= Rasa (theology) =

Creation and reception of a distinct 'flavor' or quality

Rasa (रास, IAST: ) refers to the creation and reception of a distinct 'flavor' or quality of something. As a Sanskrit theological concept, rasa was popularized Krishna-centered bhakti traditions, such as Gaudiya Vaishnavism from the fifteenth century. The theological use of the word can be found early, about two thousand years before the Nimbarka or Chaitanya schools of bhakti, in 2.7.1 of the Taittiriya Upanishad: "Truly, the Lord is rasa" (raso vai sah) This statement expresses the view that God is the one who enjoys the ultimate rasa, or spiritual rapture and emotions.

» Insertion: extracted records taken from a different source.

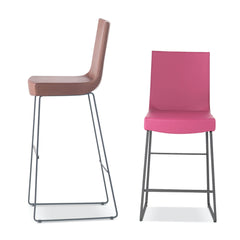 The Jim barstool gracefuly combines comfort and simplicity. A one-piece seat curves from a scooped base up to a high straight back. The volume increases in the seat. This ergonomic form guarantees a good support. Available in counter height or bar height.
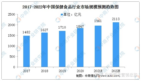 據(jù)統(tǒng)計數(shù)據(jù)顯示,中國保健食品行業(yè)市場規(guī)模增長穩(wěn)定,從2017年的1482億元增長至2020年的1847億元,年均復(fù)合增長率達7.75%。根據(jù)我國經(jīng)濟發(fā)展?fàn)顩r,以及行業(yè)發(fā)展趨勢,預(yù)計2022年中國保健食品行業(yè)市場規(guī)模將超過2000億元。
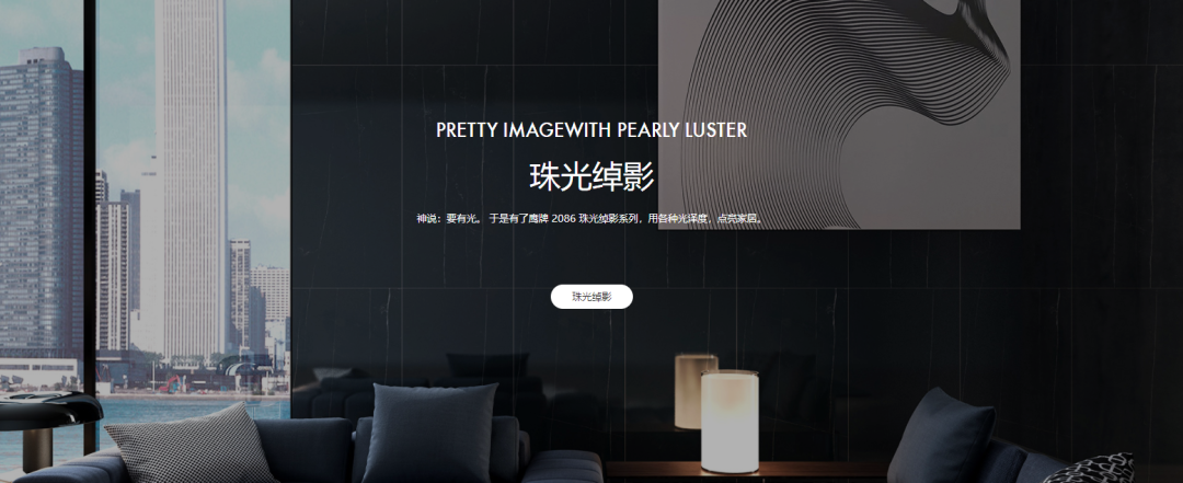 目前,鹰牌2086主推产品系列包括但不限于:专为大宅定制的大规格瓷砖「浩瀚之境」系列;根据不同光泽度打造的「珠光绰影」系列;媲美木地板的健康环保「木色年代」系列;汲取天然石材灵感的「原生石韵」系列;艺术砖「缪斯」系列,为消费者打造
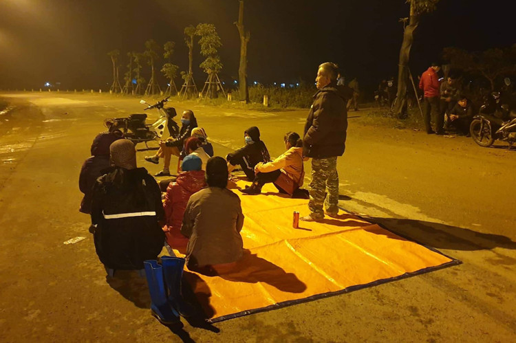 Việc chặn xe vào bãi rác bắt đầu từ chiều 23/12, tới đêm số người tăng gấp đôi, chủ yếu là đàn ông. Đến sáng nay, khi xe vào bãi giảm dần, đàn ông đi làm thì những phụ nữ lớn tuổi trong thôn Hai đến thay.
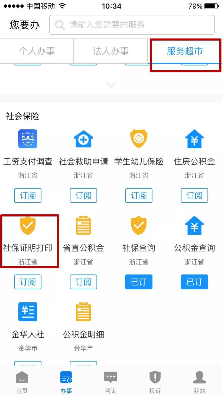 第三步:点击“服务超市”,下拉至社会保险里的“社保证明打印”选项,点击进入。

It is believed Rupa Goswami developed, under the direct guidance of Caitanya, the articulated and formulated theology of rasa as "the soul's particular relationship with the divinity in devotional love". Rupa's text draws largely from the foundational theory of rasa formed by Bharata Muni, the originator of Sanskrit dramaturgy (perhaps as early as the 2nd century BCE). These relationships with the divinity in devotional love, rasa, are mapped after the variety of loving relationships that humans experience with one another, such as beloved-lover, friend-friend, parent-child, and master-servant. Rasas are distinguished as lower and higher and according to Bhagavad Gita it appears that the three higher rasas are acknowledged and preferred by Arjuna. The higher rasas are described as loving, friendly, and fraternal types of relationships.

== Etymology ==
The term "rasa" is derived from the Sanskrit language. In Sanskrit, "rasa" literally means "juice" or "essence". The concept of rasa originates from the Upanishads, specifically the Chandogya Upanisahad and Taittiriya Upanishad. Taittiriya Upanishad states "He is indeed rasa. Having obtained rasa this one becomes blissful.". Rasa signifies sap, juice, or essence, and is synonymous with pleasure and delight.

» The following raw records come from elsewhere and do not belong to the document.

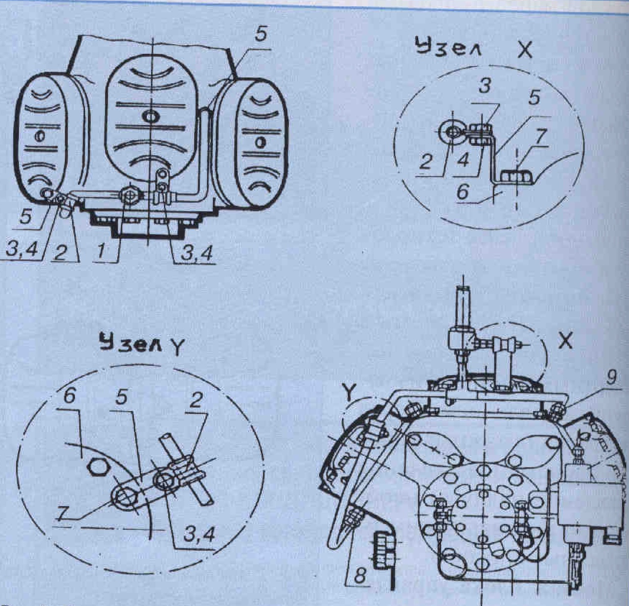 В моделях от 4Z-5.2 до IN-12.2 (см. рис. 3) крепежный угольник 5 устанавливают одновременно с лапой 7 крепления дополнительного вентилятора этого вначале отвинчивают один из шестигранных болтов головки крюка цилиндров и на его место ввинчивают до упора в шпильку 9, входящую в комплект поставки дополнительного вентилятора.
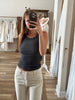 The Adeline Tank is expertly crafted from 100% organic cotton, providing both comfort and sustainability. The ribbed round neck design adds a touch of texture to this versatile tank top. With a professional and objective tone, highlight the benefits of choosing sustainable and high-quality materials.
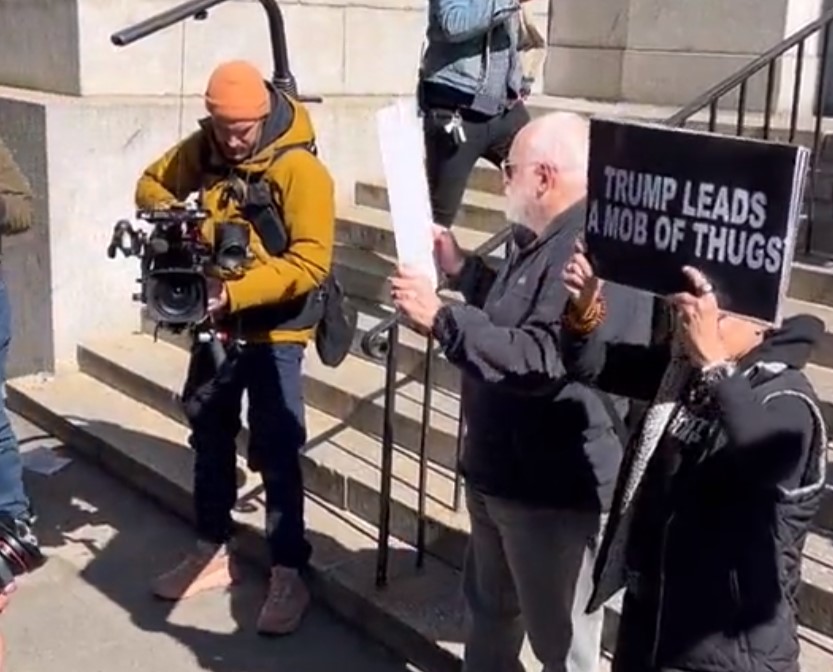 V New Yorku žije přes 8 milionů lidí a přesně dva z nich přišli protestovat proti Trumpovi, zatímco asi 20 členů MSM to natáčelo. Média lžou. (Foto: Twitter)
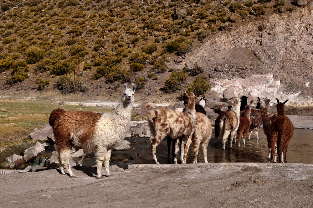 Comment faire la différence entre les vigognes, les alpagas, les guanacos et les lamas ? La théorie ne sert pas à grand chose mais elle est la suivante : le lama et l’alpaga sont des camélidés domestiques, les vigognes et les guanacos sont sauvages. Les vigognes sont graciles, les alpagas sont massifs. Les lamas sont grands. Les guanacos sont grands également mais en plus, ils le savent.
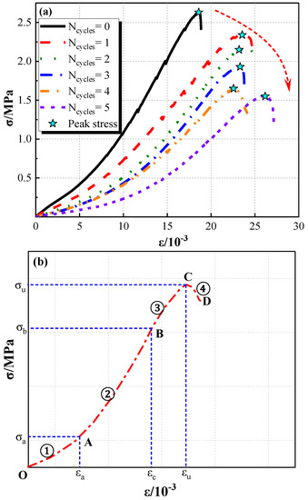 A series of uniaxial compression experiments were carried out to investigate the stress–strain curves of various specimens with different wet–dry cycles. The loading rate is 1 mm/min, and the results are shown in Figure 3.

Rasa's earliest use in aesthetics appears in Bharata Muni's Natya Shastra, initially related to drama, particularly its poetic aspects. Early commentaries on the text were mostly lost, except for references in Abhinavagupta's 10th century commentary.

==Raslila dance==
In the Vaishnavism tradition of Manipur, the Rasa Lila is depicted through classic Manipuri dance. It revolves around Krishna and the cowherd girls, narrating the divine love story of Krishna, (svayam bhagavan) and Radha, his beloved. This dance form was established by Bhagya Chandra in 1779, and is still performed annually in some parts of India during Krishna Janmashtami, the festival celebrating Krishna's birth. According to different traditions, the rasa-lila is performed either by boys and girls, or by boys only. The dance is performed holding dandi (sticks) and is often accompanied with folk songs and devotional music.

== Rupa Goswami ==
Rupa Goswami's interpretation of rasa transcends the concept of mere taste or aesthetic enjoyment. For him, rasa is an elevated spiritual experience attained through the spiritual body of a devotee (bhakta), rooted in the personal deity (Bhagavan). Rasa involves active participation in the divine lila, rather than being a passive spectator. In Bhakti-rasāmṛta-sindhu, Rupa Goswami presents Krishna as the embodiment of all rasas. Post-Abhinavgupta, rasas associated with non-romantic forms of love were proposed, notably vatsalya (tenderness), preyas (camaraderie), and prita (veneration). Vaishṇava thinkers began to consider bhakti (devotion) as a rasa, merging aesthetic and religious perspectives, a concept extensively explored by Rupa Goswami. Five primary rasas are emphasized by Rupa Goswami, which are centered around the devotee's relationship with the divine (Krishna):

- Santarasa: contemplative and passive love, arising from the soul's profound realization of its finite nature in contrast to the grandeur of the divine.
- Dasyarasa: affectionate love, involving a submissive stance from the soul, marking a transition from the distant adoration of Santarasa into active service while maintaining a formal bond.
- Sakhyarasa: friendship love, representing the soul's engagement with the divine on equal footing, akin to the affection shared in close friendships.
- Vatsalyarasa: nurturing love, evolving from the casual familiarity of Sakhyarasa into a more attentive and caring relationship.
- Srngararasa: passionate love, representing deepest level of love akin to the bond found in romantic relationships defined by complete devotion.

==Books==
- Swami B.V. Tripurari, Rasa – Love Relationships in Transcendence. ISBN 1886069107
- Swami B.V. Tripurari, Jiva Goswami's Tattva-Sandarbha: Sacred India's Philosophy of Ecstasy
- Rupa Goswami, Nectar of Devotion (Bhakti-rasāmṛta-sindhu)

==See also==
- Bhakti yoga
- Radha Krishna
- Sringara
- Turiya

==Bibliography==
- Haberman, D. The Bhaktirasāmṛtasindhu of Rūpa Gosvāmin, Indira Gandhi National Centre for the Arts and Motilal Banarsidass Publishers, Delhi, 2003.
- Massey, Reginald (2004). "India's Dances: Their History, Technique, and Repertoire"
- Schweig, G.M. (2005). "Dance of divine love: The Rasa Lila of Krishna from the Bhagavata Purana, India's classic sacred love story"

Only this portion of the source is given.